> **Assigned task**: What you return should match the data word for word, minus the images.

> **Material provided**:
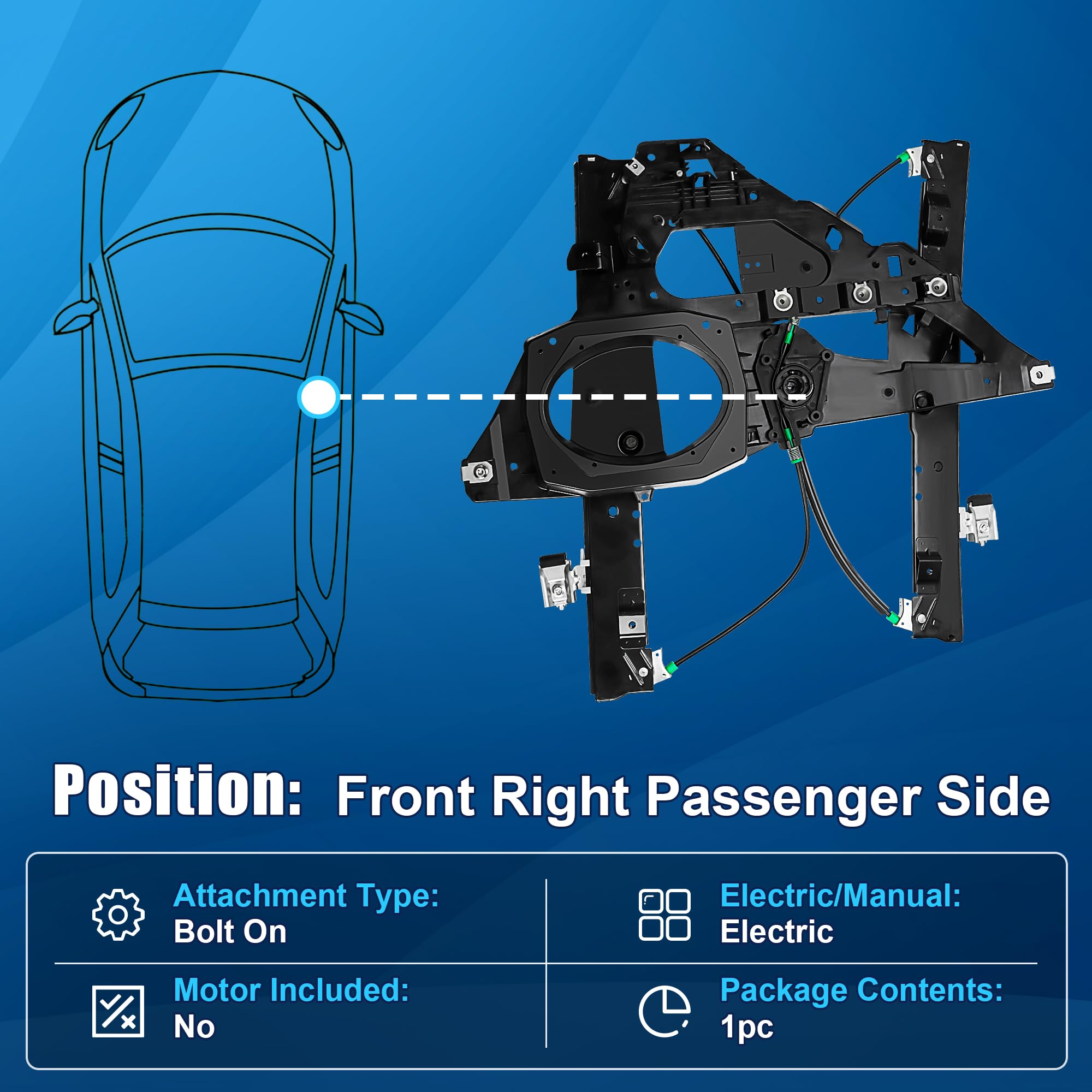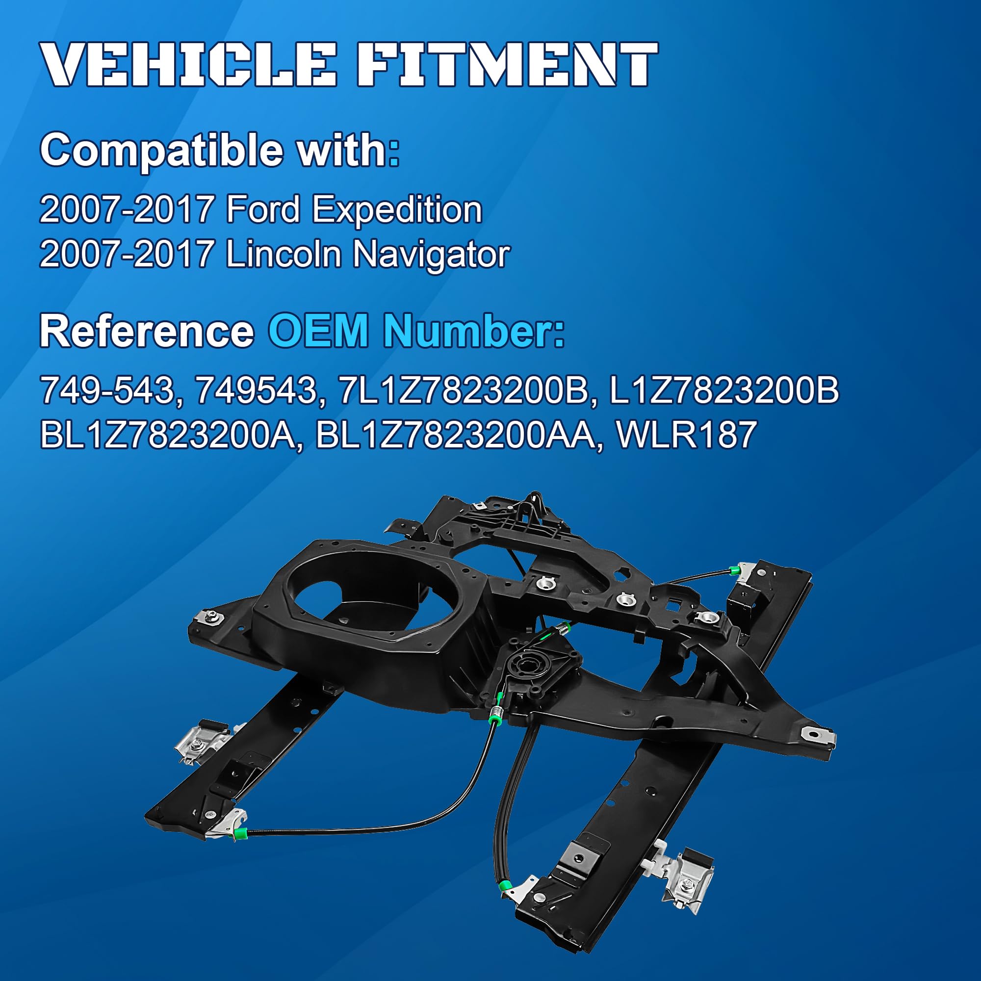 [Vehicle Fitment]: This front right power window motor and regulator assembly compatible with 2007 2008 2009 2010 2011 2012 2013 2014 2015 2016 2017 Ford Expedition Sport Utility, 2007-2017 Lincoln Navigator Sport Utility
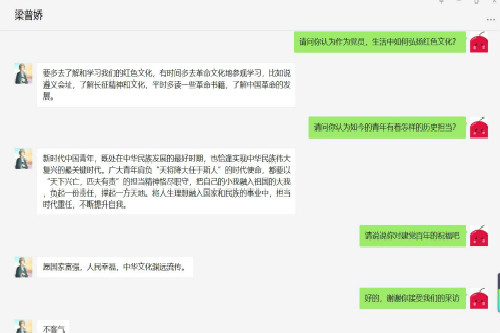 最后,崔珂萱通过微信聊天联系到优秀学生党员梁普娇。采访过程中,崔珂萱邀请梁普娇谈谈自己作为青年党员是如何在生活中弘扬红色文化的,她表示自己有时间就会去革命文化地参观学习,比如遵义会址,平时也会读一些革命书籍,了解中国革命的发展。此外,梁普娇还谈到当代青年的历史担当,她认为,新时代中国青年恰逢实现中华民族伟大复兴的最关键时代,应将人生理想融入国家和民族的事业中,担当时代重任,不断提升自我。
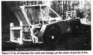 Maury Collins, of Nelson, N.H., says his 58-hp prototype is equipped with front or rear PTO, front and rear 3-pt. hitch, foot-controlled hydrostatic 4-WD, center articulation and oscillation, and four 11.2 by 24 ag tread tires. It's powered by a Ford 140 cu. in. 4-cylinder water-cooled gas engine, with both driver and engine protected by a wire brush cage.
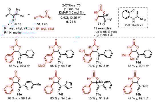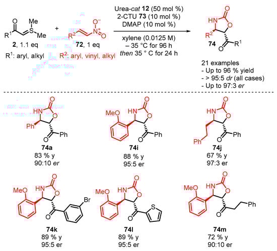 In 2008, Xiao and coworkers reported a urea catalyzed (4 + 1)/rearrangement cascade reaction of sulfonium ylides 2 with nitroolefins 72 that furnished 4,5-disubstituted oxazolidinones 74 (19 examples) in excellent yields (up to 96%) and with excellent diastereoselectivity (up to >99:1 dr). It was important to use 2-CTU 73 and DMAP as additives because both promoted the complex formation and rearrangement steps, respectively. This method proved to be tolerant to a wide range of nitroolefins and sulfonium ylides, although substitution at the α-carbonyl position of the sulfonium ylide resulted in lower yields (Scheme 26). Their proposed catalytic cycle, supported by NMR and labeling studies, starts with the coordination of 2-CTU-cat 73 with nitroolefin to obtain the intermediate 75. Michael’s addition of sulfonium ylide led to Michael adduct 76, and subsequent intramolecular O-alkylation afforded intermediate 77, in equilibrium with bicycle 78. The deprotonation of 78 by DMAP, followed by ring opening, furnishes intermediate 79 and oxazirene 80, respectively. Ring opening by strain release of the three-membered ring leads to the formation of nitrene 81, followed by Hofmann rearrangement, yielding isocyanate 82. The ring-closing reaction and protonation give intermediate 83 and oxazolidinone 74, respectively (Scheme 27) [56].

> **Exercise output**:
 [Vehicle Fitment]: This front right power window motor and regulator assembly compatible with 2007 2008 2009 2010 2011 2012 2013 2014 2015 2016 2017 Ford Expedition Sport Utility, 2007-2017 Lincoln Navigator Sport Utility
 最后,崔珂萱通过微信聊天联系到优秀学生党员梁普娇。采访过程中,崔珂萱邀请梁普娇谈谈自己作为青年党员是如何在生活中弘扬红色文化的,她表示自己有时间就会去革命文化地参观学习,比如遵义会址,平时也会读一些革命书籍,了解中国革命的发展。此外,梁普娇还谈到当代青年的历史担当,她认为,新时代中国青年恰逢实现中华民族伟大复兴的最关键时代,应将人生理想融入国家和民族的事业中,担当时代重任,不断提升自我。
 Maury Collins, of Nelson, N.H., says his 58-hp prototype is equipped with front or rear PTO, front and rear 3-pt. hitch, foot-controlled hydrostatic 4-WD, center articulation and oscillation, and four 11.2 by 24 ag tread tires. It's powered by a Ford 140 cu. in. 4-cylinder water-cooled gas engine, with both driver and engine protected by a wire brush cage.
 In 2008, Xiao and coworkers reported a urea catalyzed (4 + 1)/rearrangement cascade reaction of sulfonium ylides 2 with nitroolefins 72 that furnished 4,5-disubstituted oxazolidinones 74 (19 examples) in excellent yields (up to 96%) and with excellent diastereoselectivity (up to >99:1 dr). It was important to use 2-CTU 73 and DMAP as additives because both promoted the complex formation and rearrangement steps, respectively. This method proved to be tolerant to a wide range of nitroolefins and sulfonium ylides, although substitution at the α-carbonyl position of the sulfonium ylide resulted in lower yields (Scheme 26). Their proposed catalytic cycle, supported by NMR and labeling studies, starts with the coordination of 2-CTU-cat 73 with nitroolefin to obtain the intermediate 75. Michael’s addition of sulfonium ylide led to Michael adduct 76, and subsequent intramolecular O-alkylation afforded intermediate 77, in equilibrium with bicycle 78. The deprotonation of 78 by DMAP, followed by ring opening, furnishes intermediate 79 and oxazirene 80, respectively. Ring opening by strain release of the three-membered ring leads to the formation of nitrene 81, followed by Hofmann rearrangement, yielding isocyanate 82. The ring-closing reaction and protonation give intermediate 83 and oxazolidinone 74, respectively (Scheme 27) [56].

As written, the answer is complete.